**ABOUT THIS EXERCISE:**
Return each of the entries below precisely, with no pictures in the result.

=== MATERIAL FOR THIS TASK ===

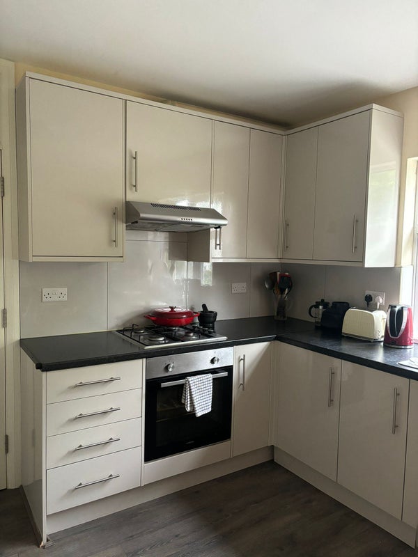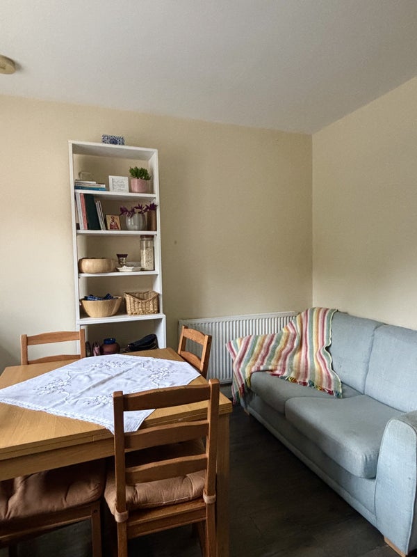 The available room is tastefully furnished and provides a comfortable living space for the resident. The shared areas of the house, including the kitchen and garden, offer a cozy atmosphere for relaxation. The overall feel of the space is clean, quiet, and perfect for unwinding after a long day. With only one flatmate, the living space promotes a sense of privacy and tranquility, ideal for a working professional seeking a peaceful environment.
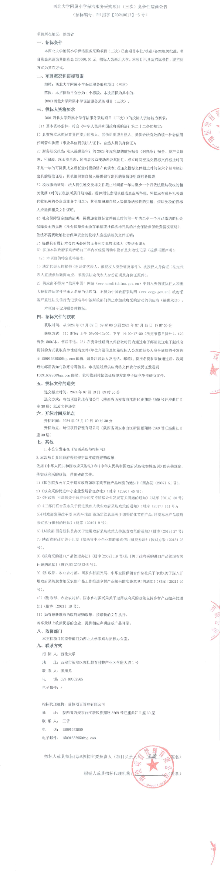 西北大学附属小学保洁服务采购项目(三次)竞争性磋商公告
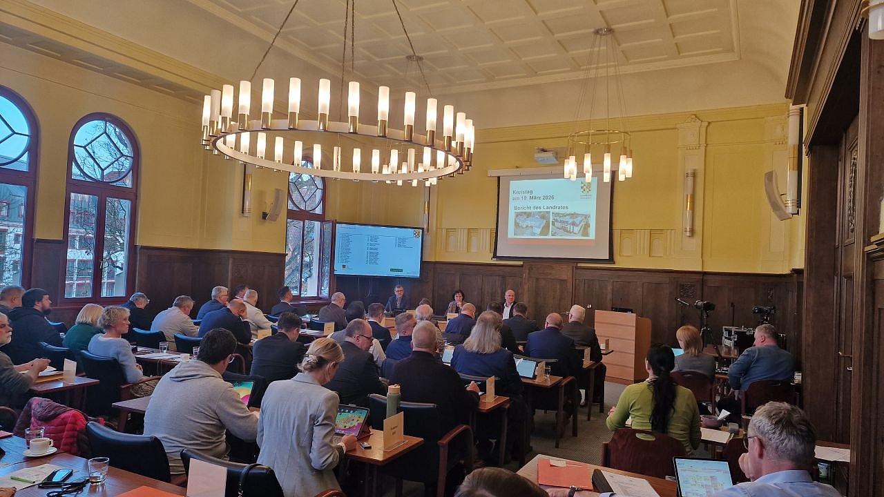 Weitere Fragen gibt es nicht, es geht weiter in der Tagesordnung und mit dem Bericht des Landrates. Jendricke beginnt mit dem Blick auf die Kriegsereignisse in der Welt und die Verwerfungen an den Rohstoffmärkten. Das werde den Bürger wie den Landkreis berühren, die Auswirkungen werden bis in die regionalen Wirtschaftskreisläufe reichen.
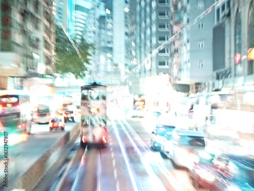 Abstract bokeh image of Hong Kong city street with trams and cars.
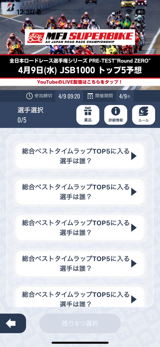 4月9日(水)|Round ZERO 総合ベストタイムラップTOP5予想はこちら
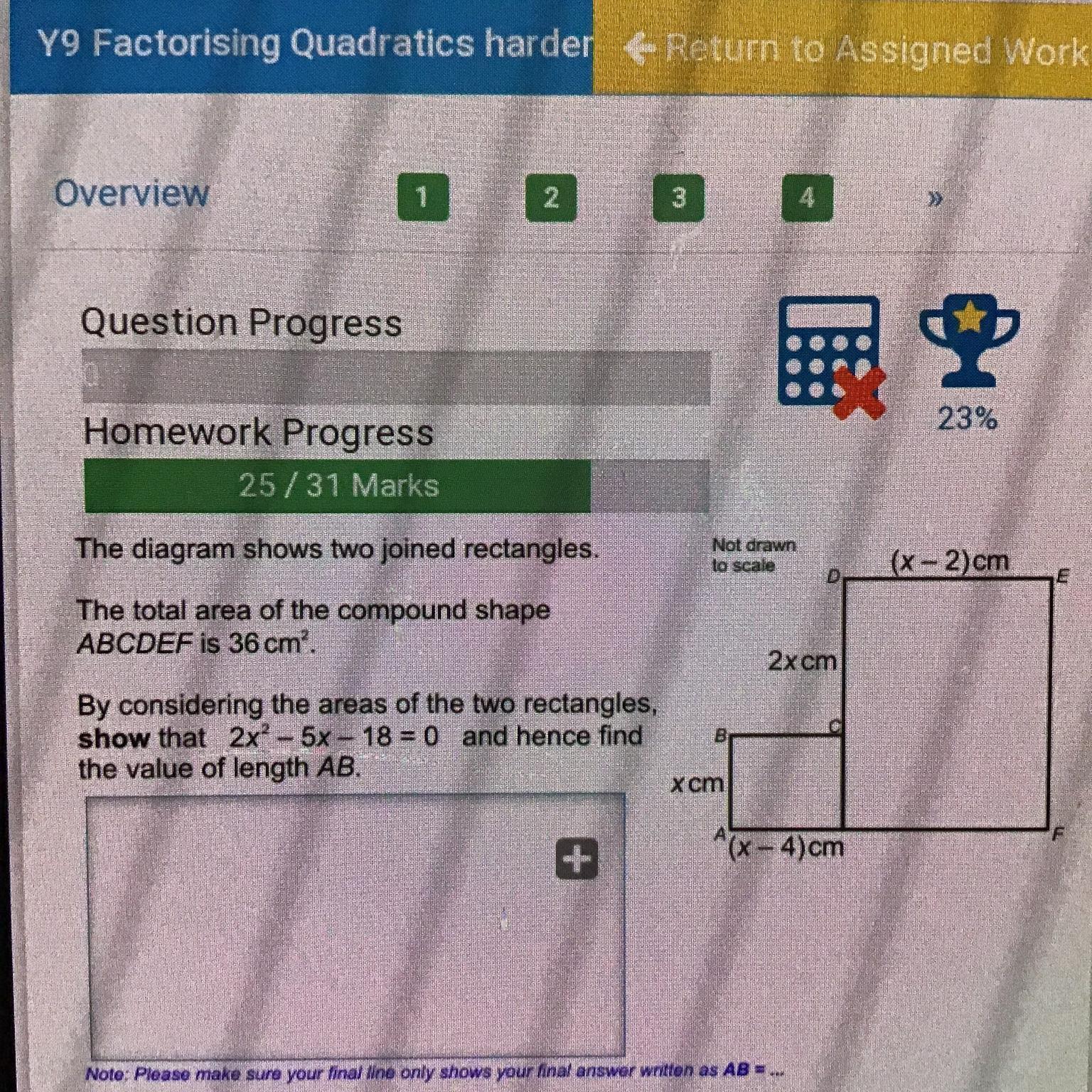 To find the length of AB (x), solve the quadratic by either factorising, completing the square or by using the quadratic formula, etc to solve for x.
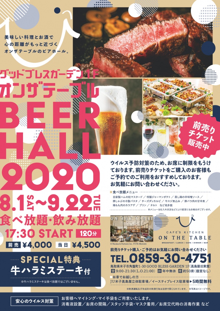 洋食・カフェのON THE TABLE様では、9月22日まで飲み放題・食べ放題のビアホール開催中です!
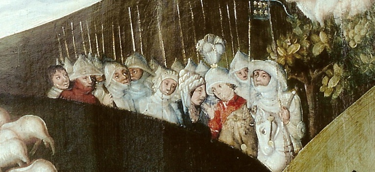 Je ne pense pas être très loin du sens qu’a voulu y mettre le peintre. Néanmoins, il reste à savoir ce qu’il a voulu exactement dire. N’oublions pas que dans ce genre de peinture narrative c’est la somme de toutes les petites scènes qui prennent un sens à la lumière les unes des autres.
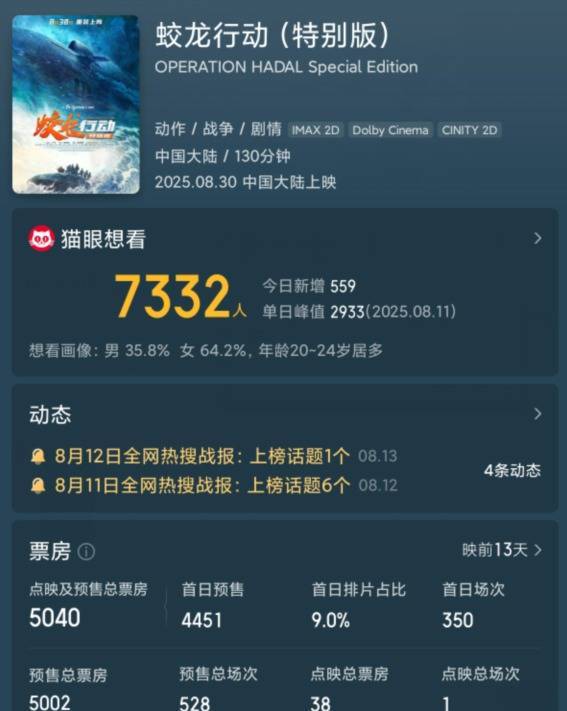 删减16分钟,《蛟龙行动》重映不雅众也不买账?预售票房仅5040元!
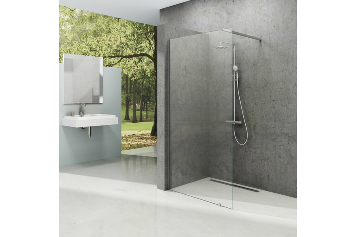 Душевая кабина Walk-In Wall состоит из безопасного закаленного стекла толщиной 8 мм. Устойчивость изделия обеспечивает металлический держатель, определяющий ширину открытого входа.
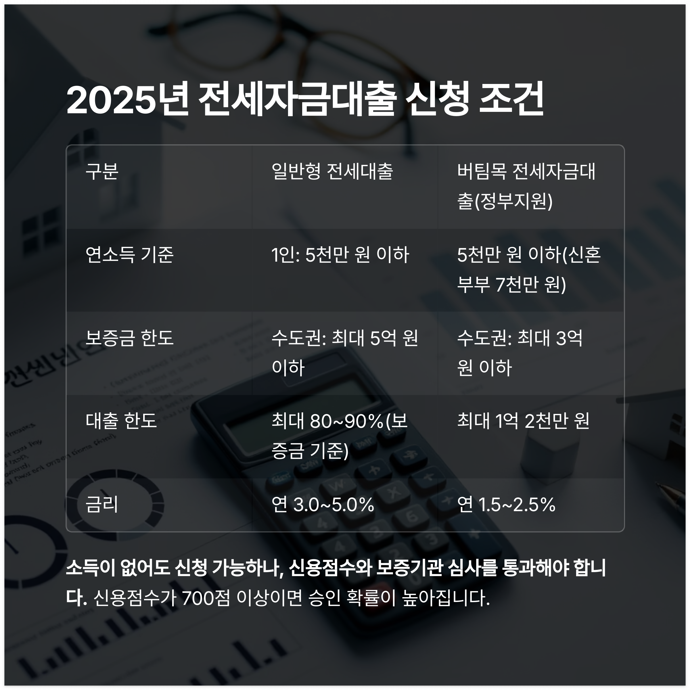 2. 전세자금대출 신청 조건 (2025년 기준)
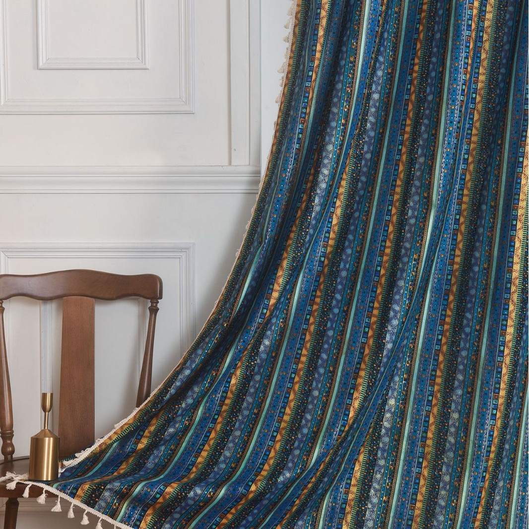 烫金蓝条纹窗帘
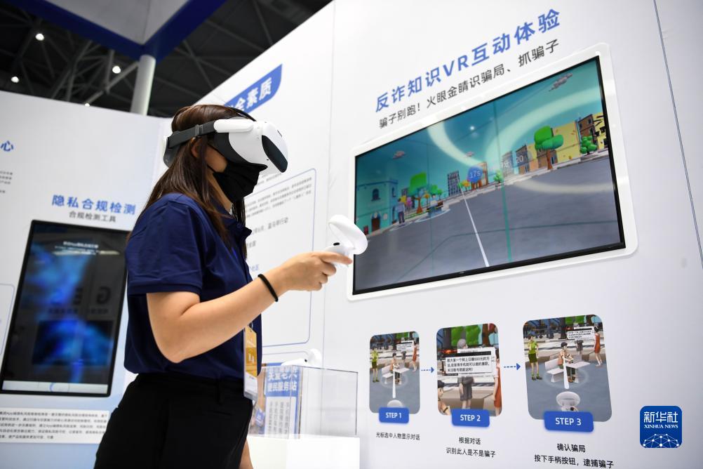 一家參展企業(yè)代表在2022年國家網(wǎng)絡(luò)安全宣傳周網(wǎng)絡(luò)安全博覽會上演示反詐知識VR互動體驗項目(2022年9月4日攝)。新華社記者 劉軍喜 攝
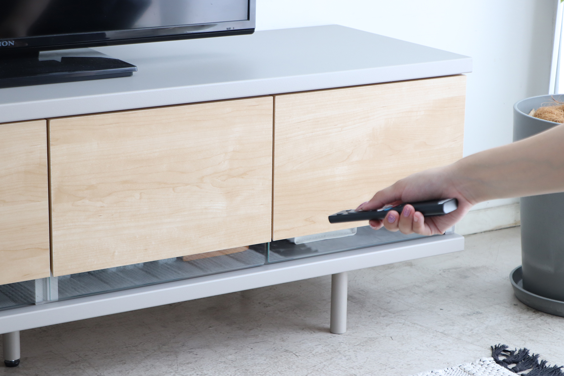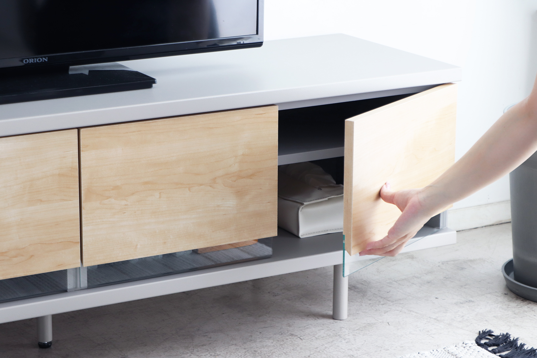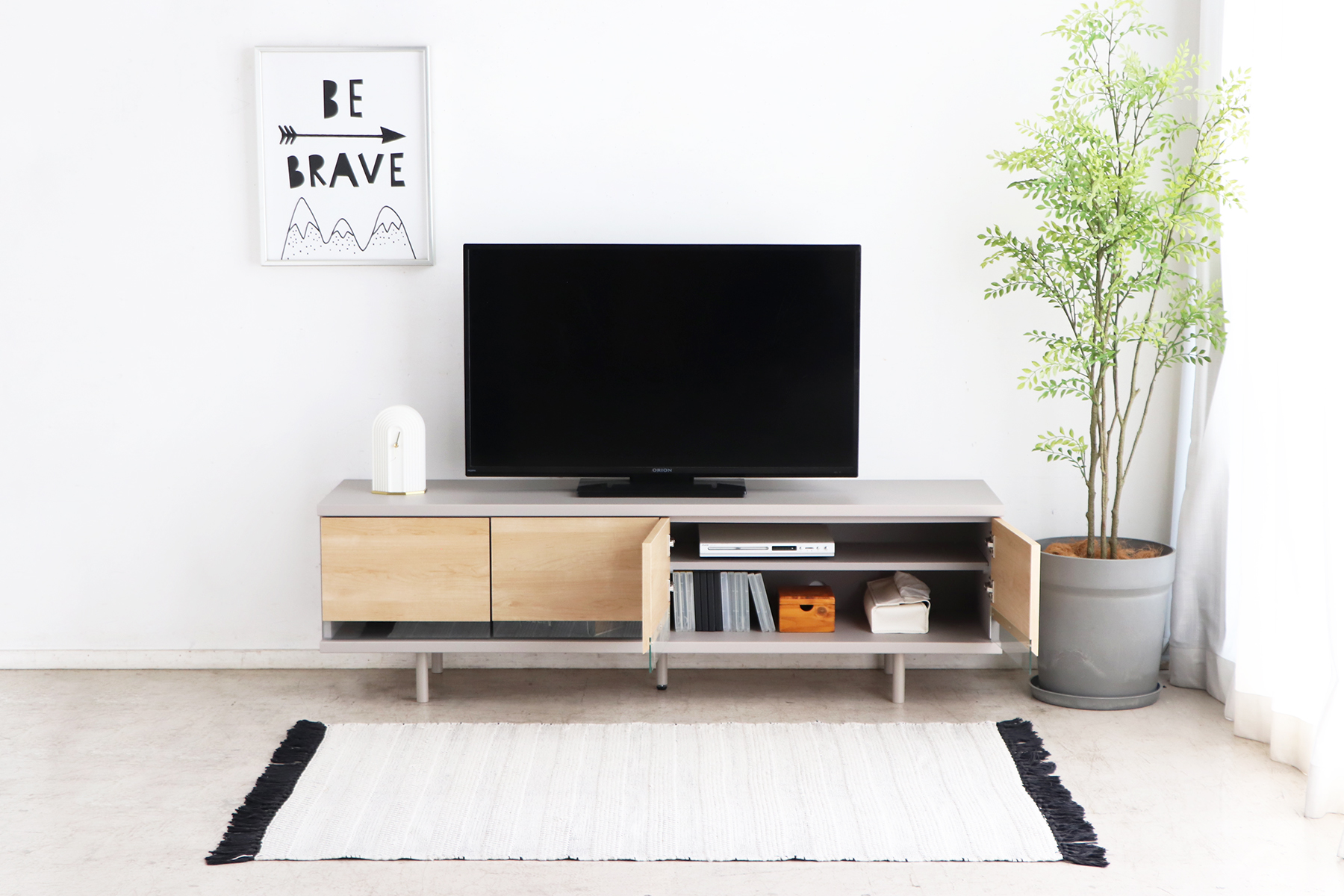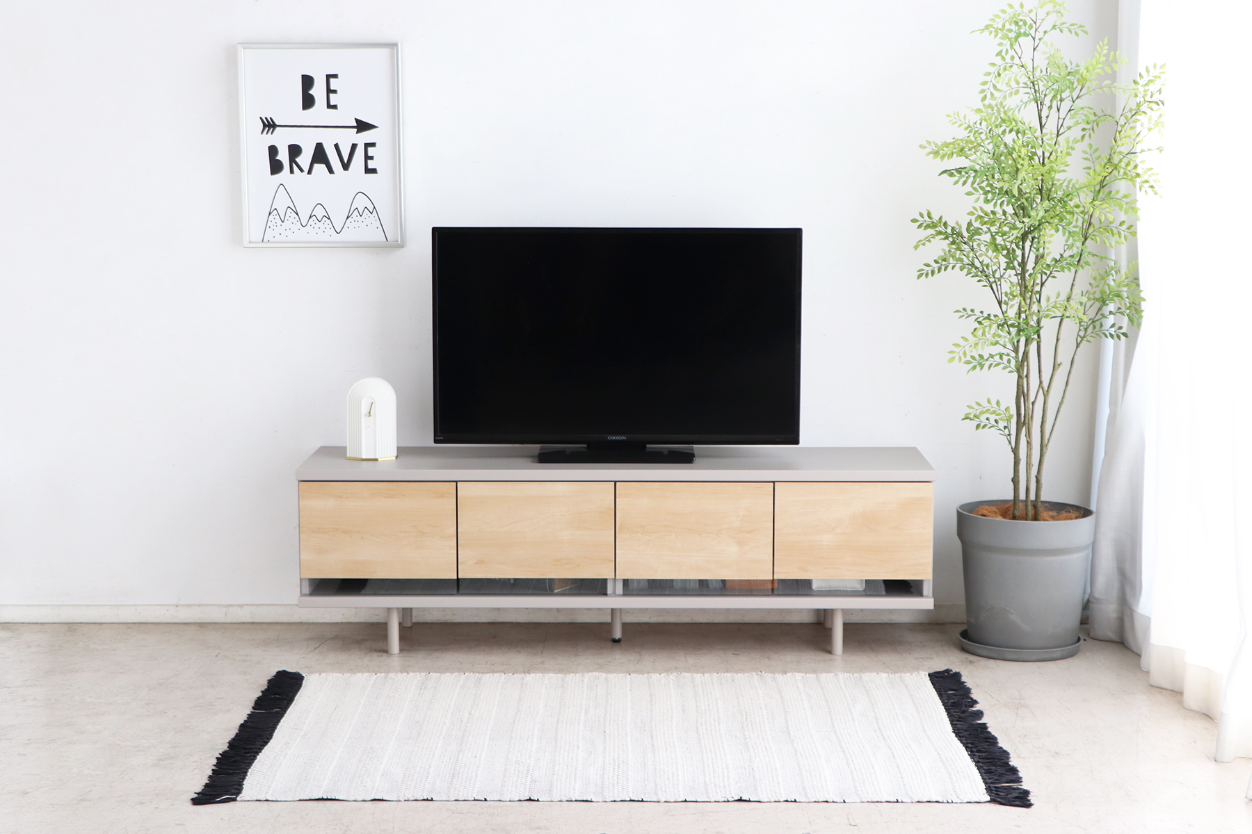 トレンドのグレー色にメイプル柄の木目がおしゃれで、どんなお部屋にも馴染むテレビボード。
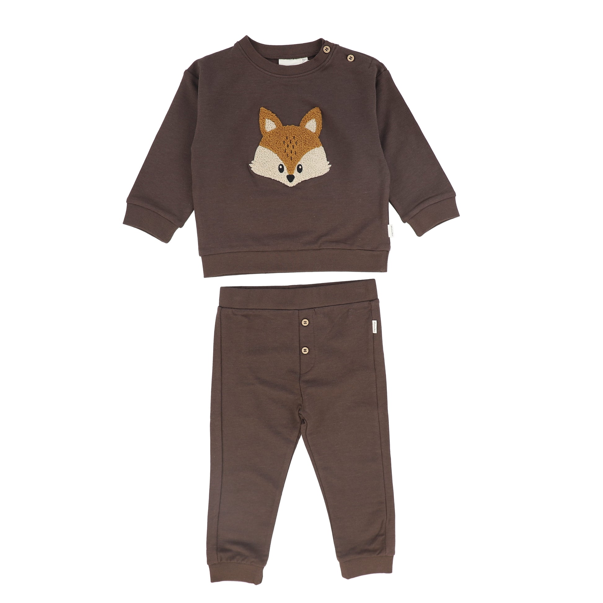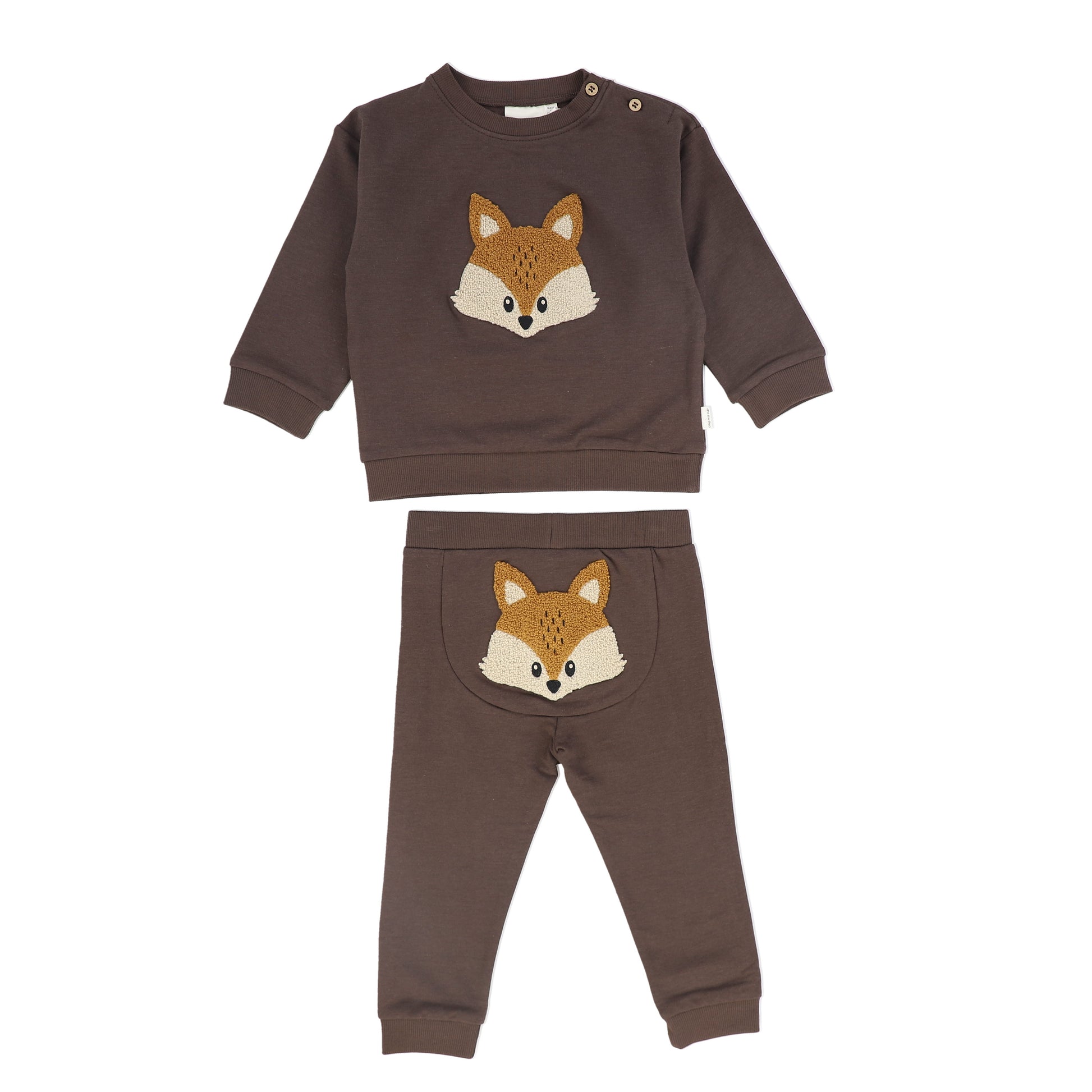 MINYMO BROWN ANIMAL PATCH SWEATSHIRT SET

===

**RESPONSE TO THE TASK:**
 The available room is tastefully furnished and provides a comfortable living space for the resident. The shared areas of the house, including the kitchen and garden, offer a cozy atmosphere for relaxation. The overall feel of the space is clean, quiet, and perfect for unwinding after a long day. With only one flatmate, the living space promotes a sense of privacy and tranquility, ideal for a working professional seeking a peaceful environment.
 西北大学附属小学保洁服务采购项目(三次)竞争性磋商公告
 Weitere Fragen gibt es nicht, es geht weiter in der Tagesordnung und mit dem Bericht des Landrates. Jendricke beginnt mit dem Blick auf die Kriegsereignisse in der Welt und die Verwerfungen an den Rohstoffmärkten. Das werde den Bürger wie den Landkreis berühren, die Auswirkungen werden bis in die regionalen Wirtschaftskreisläufe reichen.
 Abstract bokeh image of Hong Kong city street with trams and cars.
 4月9日(水)|Round ZERO 総合ベストタイムラップTOP5予想はこちら
 To find the length of AB (x), solve the quadratic by either factorising, completing the square or by using the quadratic formula, etc to solve for x.
 洋食・カフェのON THE TABLE様では、9月22日まで飲み放題・食べ放題のビアホール開催中です!
 Je ne pense pas être très loin du sens qu’a voulu y mettre le peintre. Néanmoins, il reste à savoir ce qu’il a voulu exactement dire. N’oublions pas que dans ce genre de peinture narrative c’est la somme de toutes les petites scènes qui prennent un sens à la lumière les unes des autres.
 删减16分钟,《蛟龙行动》重映不雅众也不买账?预售票房仅5040元!
 Душевая кабина Walk-In Wall состоит из безопасного закаленного стекла толщиной 8 мм. Устойчивость изделия обеспечивает металлический держатель, определяющий ширину открытого входа.
 2. 전세자금대출 신청 조건 (2025년 기준)
 烫金蓝条纹窗帘
 一家參展企業(yè)代表在2022年國家網(wǎng)絡(luò)安全宣傳周網(wǎng)絡(luò)安全博覽會上演示反詐知識VR互動體驗項目(2022年9月4日攝)。新華社記者 劉軍喜 攝
 トレンドのグレー色にメイプル柄の木目がおしゃれで、どんなお部屋にも馴染むテレビボード。
 MINYMO BROWN ANIMAL PATCH SWEATSHIRT SET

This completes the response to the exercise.